That's what a bloody prompt does.
It's entirely logic for the parent to want the LLM's matrix math + model + internal prompt, to accepts its prompt about LegalEagle and work with that, instead of arguing and giving him shit about it.
Especially since the earlier version of the model consistently worked like he wanted, and the new one consistently doesn't. He's not asking for some new unforeseen capability unknown to LLMs.
You need to think this thought through all the way to the end. What it has said also influences what it will say. If it has consistently made combative responses, then the most likely thing to do is to continue to be combative.
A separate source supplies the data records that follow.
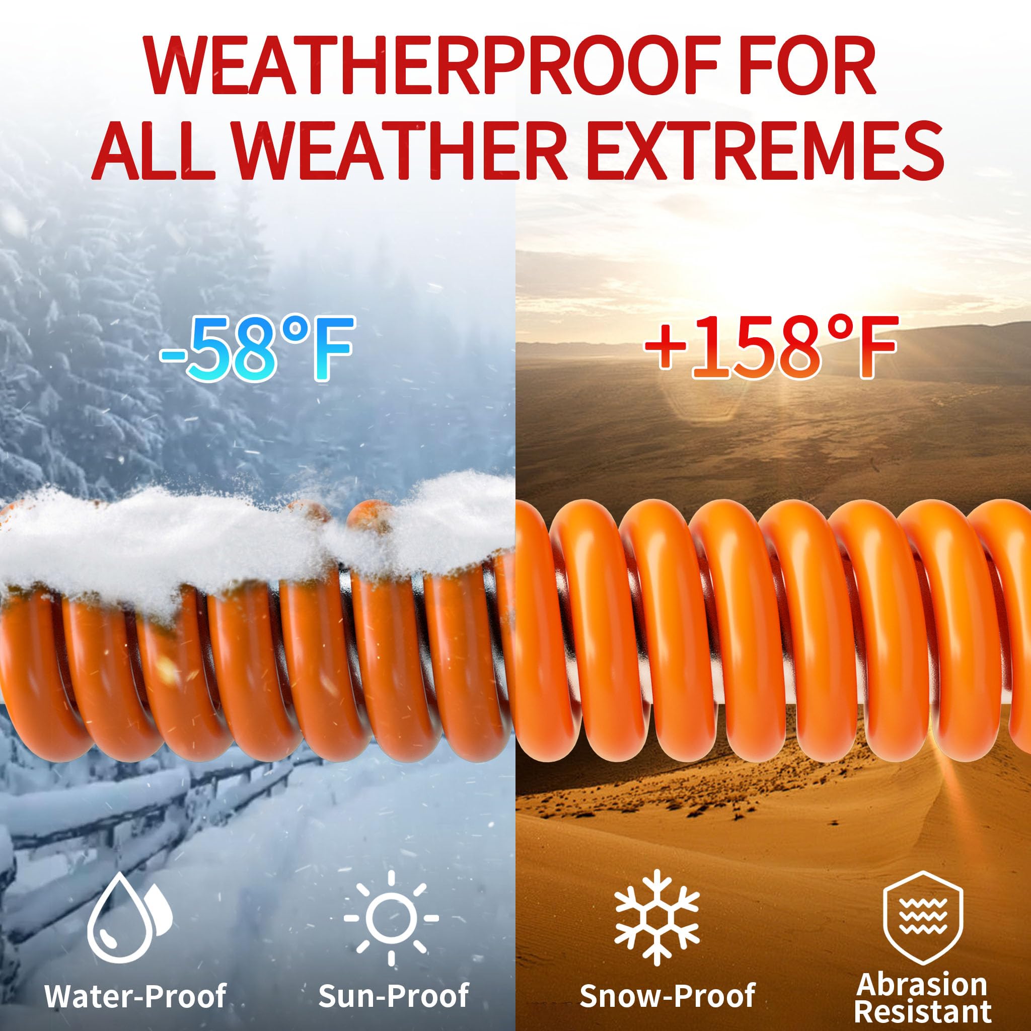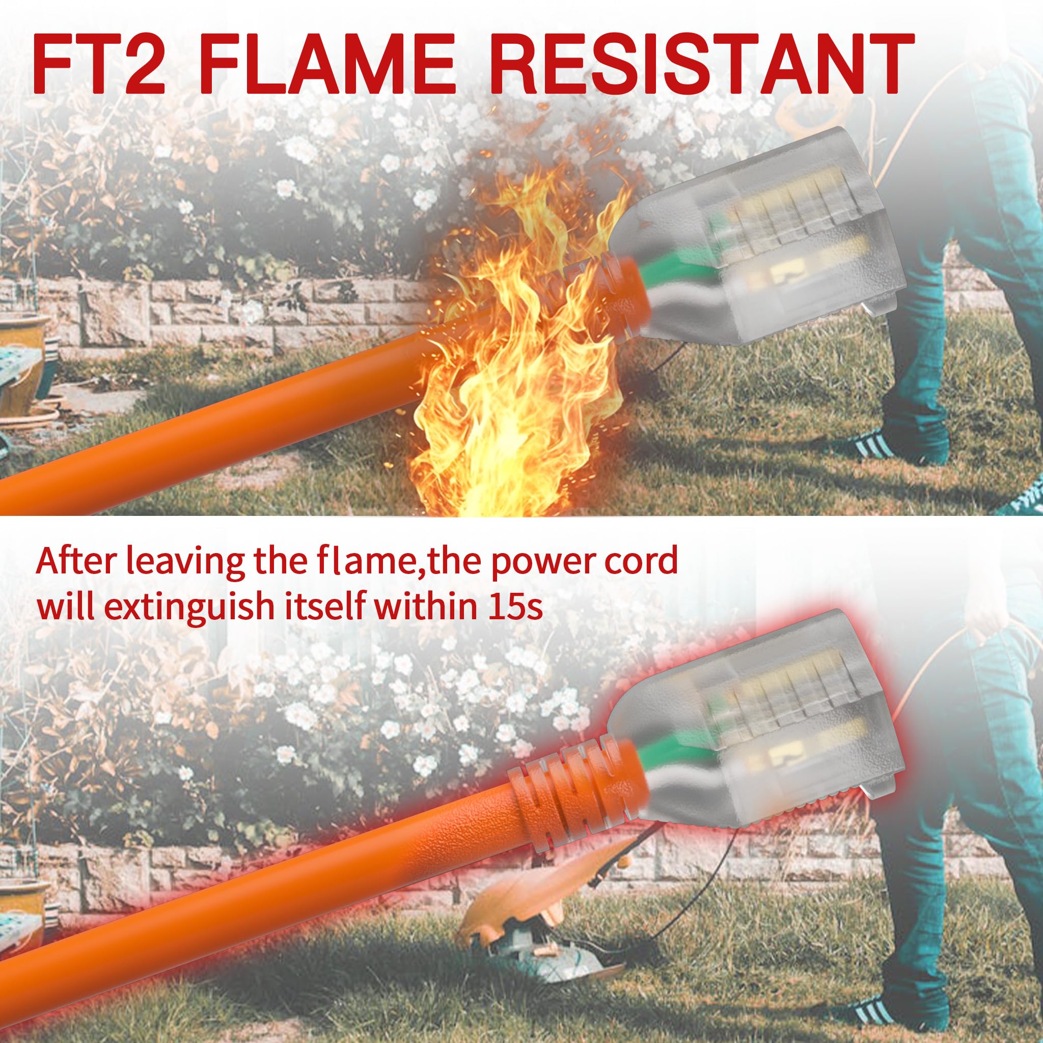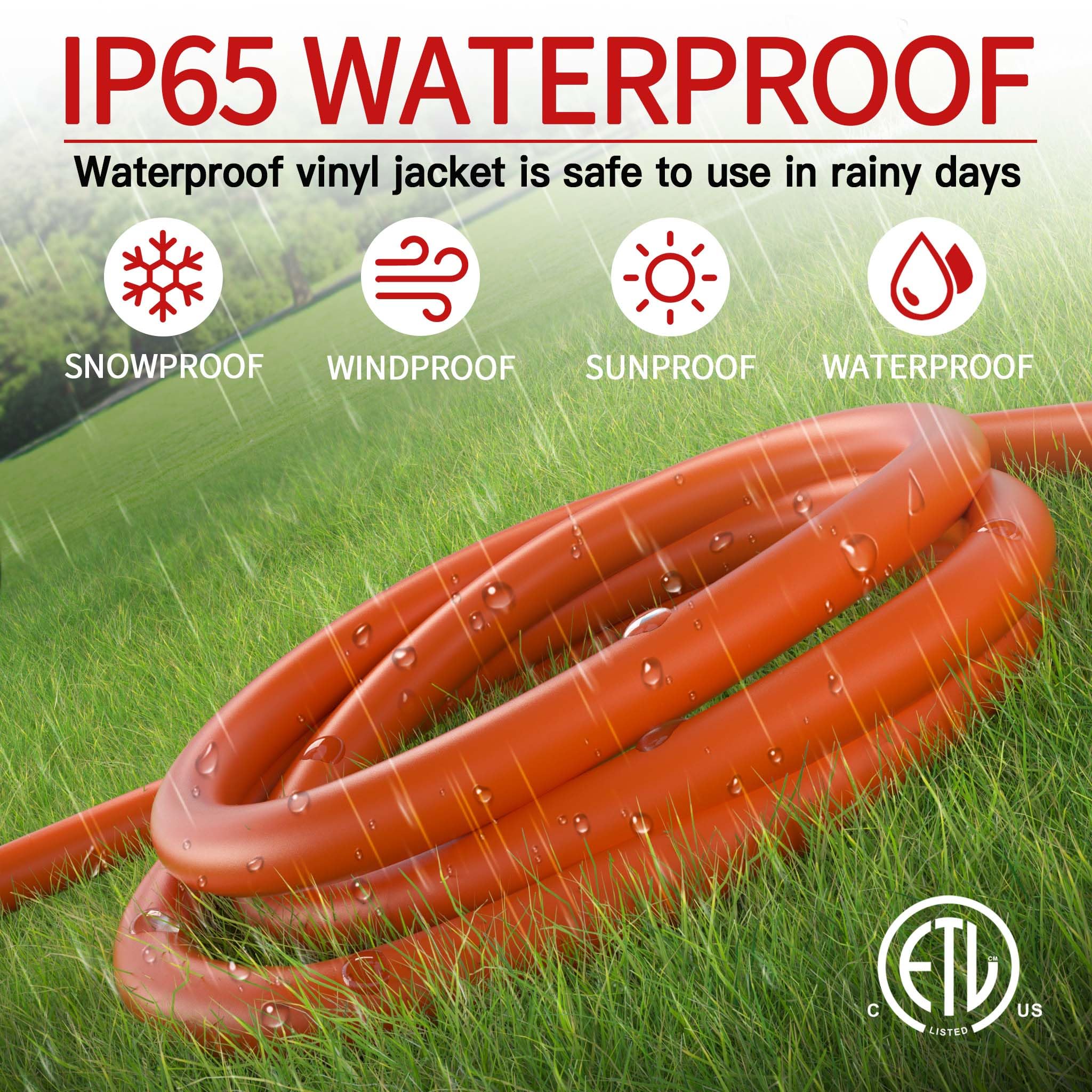 Weatherproof & Abrasion-resistant: 6ft extension cord designed to withstand the elements; 6 foot extension cord is waterproof and weatherproof; Confidently use orange extension cord outside without worrying about damage caused by wind, sun UV,rain, snow, or extreme temperatures; It's abrasion-resistant to combat drag when you're on rough and rugged surfaces
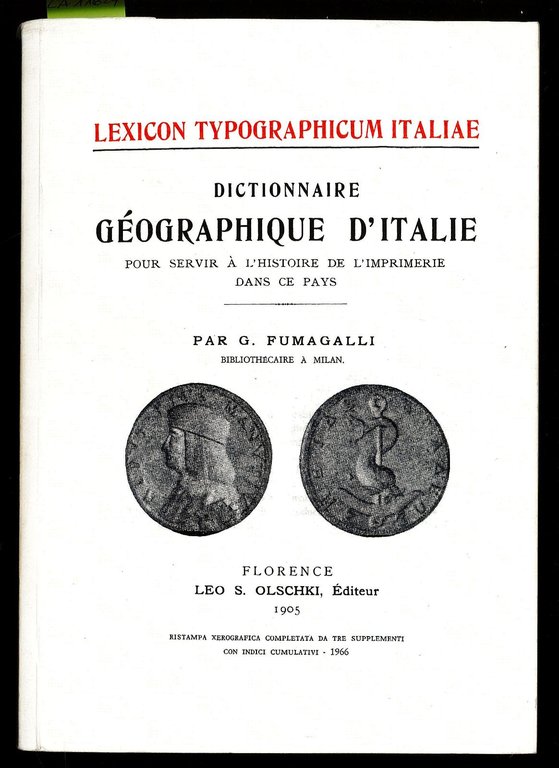 Dictionnaire géographique d'Italie. Pour servir à l'histoire de l'imprimerie dans ce pays
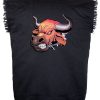 This black denim shirt features a reddish-brown angry bull with big horns and spike collar. The patch itself measures 11.5 inches wide by 11.5 inches high. So choose your style and get one or several now, free shipping in the USA!!!
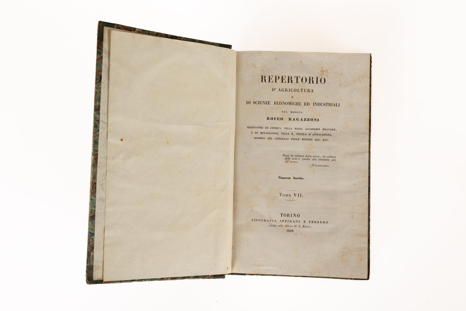3) Ragazzoni - Repertorio di Agricoltura e di Scienze Economiche e Industriali - Torino, 1847/1848. (quattro volumi)
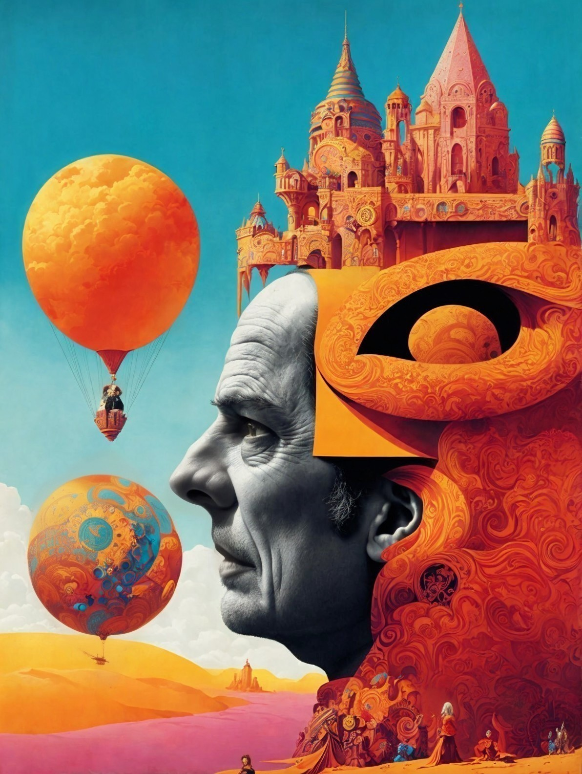 A vibrant surrealist artwork blending a profile portrait with fantastical landscapes, swirling patterns, hot air balloons, and whimsical castles in the sky.
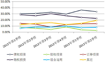 图3 2012年第1季~2013年第2季集合信托产品运用方式占比
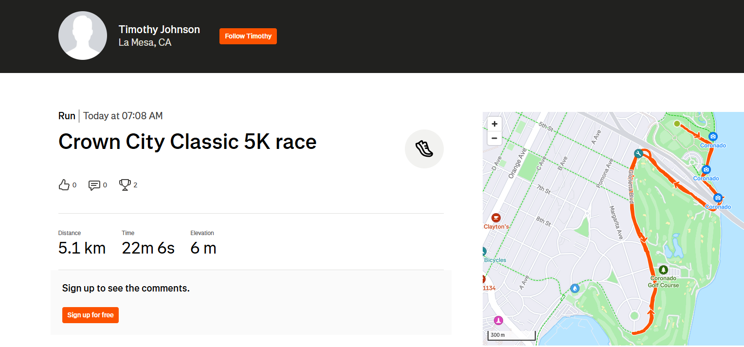 You can follow my training on Strava: Timothy Johnson | Strava Runner Profile.
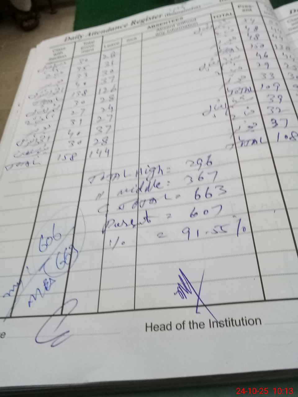 | Total Students Present | 0 | 0 | 0 | 0 | 0 | 0 | 0 | 0 | 99 | 100 | 138 | 143 | 126 | 606 | ||
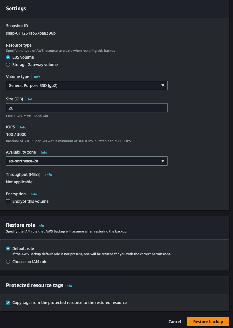 나머지는 기본값으로 세팅 후 "Restore backup" 버튼을 클릭해서 복원한다. 완료가 되면 해당 스냅샷 ID를 가져와서 EC2 > Elastic Block Store > Volume 으로 간다. (해당 스냅샷 ID는 Backup vault에서 확인 가능하다. 아래 사진 참고)
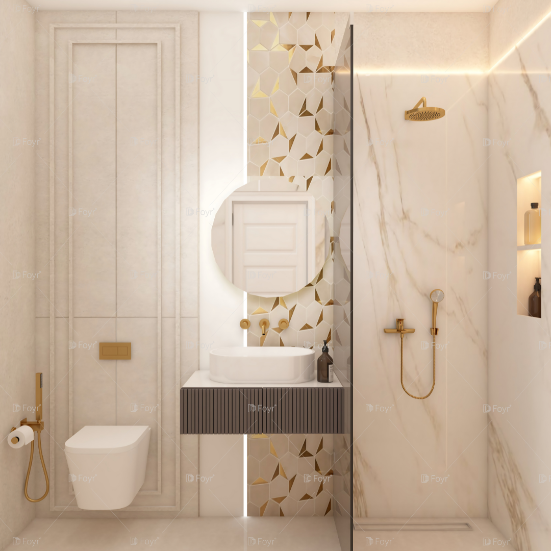 A soft color palette paired with gold fittings brings sophistication to this marble-clad bathroom. The textured wall tiles and sleek round mirror add subtle visual interest to the minimalist layout.

I don't think there is any way back after the conversation takes a turn like that so there is no point in arguing with it. The only thing you can do is to fork the conversation before it made the first mistake and give it more context or tell it to look things up.
> "The only thing you can do is to fork the conversation before it made the first mistake and give it more context or tell it to look things up."
This is a key detail that many folks don't seem to understand about LLMs in general. The generation of a response happens based on the model weights and the context window (the system prompt + everything it's fed about the conversation thus far + any additional data included as part of the overall prompt). Each response technically stands alone and is generated entirely from only that context given to it and the model's existing "token space" weights. The illusion of an ongoing conversation is maintained "behind the scenes" by keeping that "context window" updated with the current state of the conversation as context for the next prompt, but the next response is technically an entirely new generation of text.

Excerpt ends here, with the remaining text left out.